Question

3 resistors $3\Omega ,4\Omega$ and $6\Omega $ are connected in a parallel combination and are connected to a cell of 2V and internal resistance $\dfrac{2}{3}\Omega $. Find the current drawn from the cell and also, current through $3\Omega $ resistance.

Answer 1

Hint: When a cell with an emf E and internal resistance r is connected to an external resistance R, the actual voltage realised on the external resistance is lesser than the emf. This voltage is called terminal voltage and the current that flows through the circuit is called terminal current.
The terminal (main branch) current is given by the formula:
$I = \dfrac{E}{{R + r}}$
where E = emf, r = internal resistance and R = net resistance in the circuit.

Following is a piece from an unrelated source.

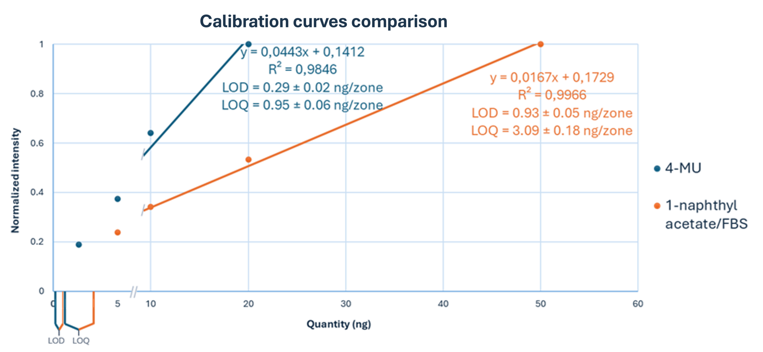 Comparison of calibration curves for 4-MU acetate and 1-naphthyl acetate/FBS. Normalized intensity is plotted against applied quantity (ng/zone). Linear regression parameters and corresponding LOD and LOQ values are indicated for each substrate.

Complete step by step answer:
Consider 3 resistors of values $3\Omega ,4\Omega \& 6\Omega $ connected in a parallel combination to a cell of emf 2V or internal resistance $r = \dfrac{2}{3}\Omega $.

The net resistance offered by the parallel combination,
$\dfrac{1}{R} = \dfrac{1}{{{R_1}}} + \dfrac{1}{{{R_2}}} + \dfrac{1}{{{R_3}}}$
$ \Rightarrow \dfrac{1}{R} = \dfrac{1}{3} + \dfrac{1}{4} + \dfrac{1}{6}$
$ \Rightarrow \dfrac{1}{R} = \dfrac{{4 + 3 + 2}}{{12}}$
$ \Rightarrow \dfrac{1}{R} = \dfrac{9}{{12}}$
$ \Rightarrow R = \dfrac{{12}}{9} = \dfrac{4}{3}\Omega $
The terminal current in the circuit is given by the formula –
$I = \dfrac{E}{{R + r}}$
Emf, $E = 2V$
Internal resistance, $r = \dfrac{2}{3}\Omega $
Substituting the values, we get –
$I = \dfrac{2}{{\dfrac{4}{3} + \dfrac{2}{3}}}$
$ \Rightarrow I = \dfrac{{2 \times 3}}{6}$
$ \Rightarrow I = \dfrac{6}{6} = 1A$
Hence, the main current in the circuit is equal to 1A.
To find the current through the $3\Omega $ resistor, it is important to find the voltage drop across the parallel combination and this voltage must be divided by the resistance to obtain the branch current through the resistor. The voltage drop across the parallel combination can be computed by multiplying the main current with the net resistance of the parallel combination.
Voltage across the parallel combination, ${V_P} = IR = 1 \times \dfrac{4}{3} = \dfrac{4}{3}V$
Current through the $3\Omega $ resistor, ${I_3} = \dfrac{{{V_P}}}{{3\Omega }}$
$ \Rightarrow {I_3} = \dfrac{{\dfrac{4}{3}}}{3} = \dfrac{4}{{3 \times 3}} = \dfrac{4}{9} = 0.44A$
Thus, the current through the $3\Omega $ resistor, ${I_3} = 0.44A$.

Note: The voltage available in the circuit, will always be lesser than the emf because of the internal resistance. Hence, the terminal voltage V is always lesser than the emf E. If, in any scenario, we obtain the terminal voltage greater than the emf E, it is evident that you are on the wrong path to the solution and you should check the steps again.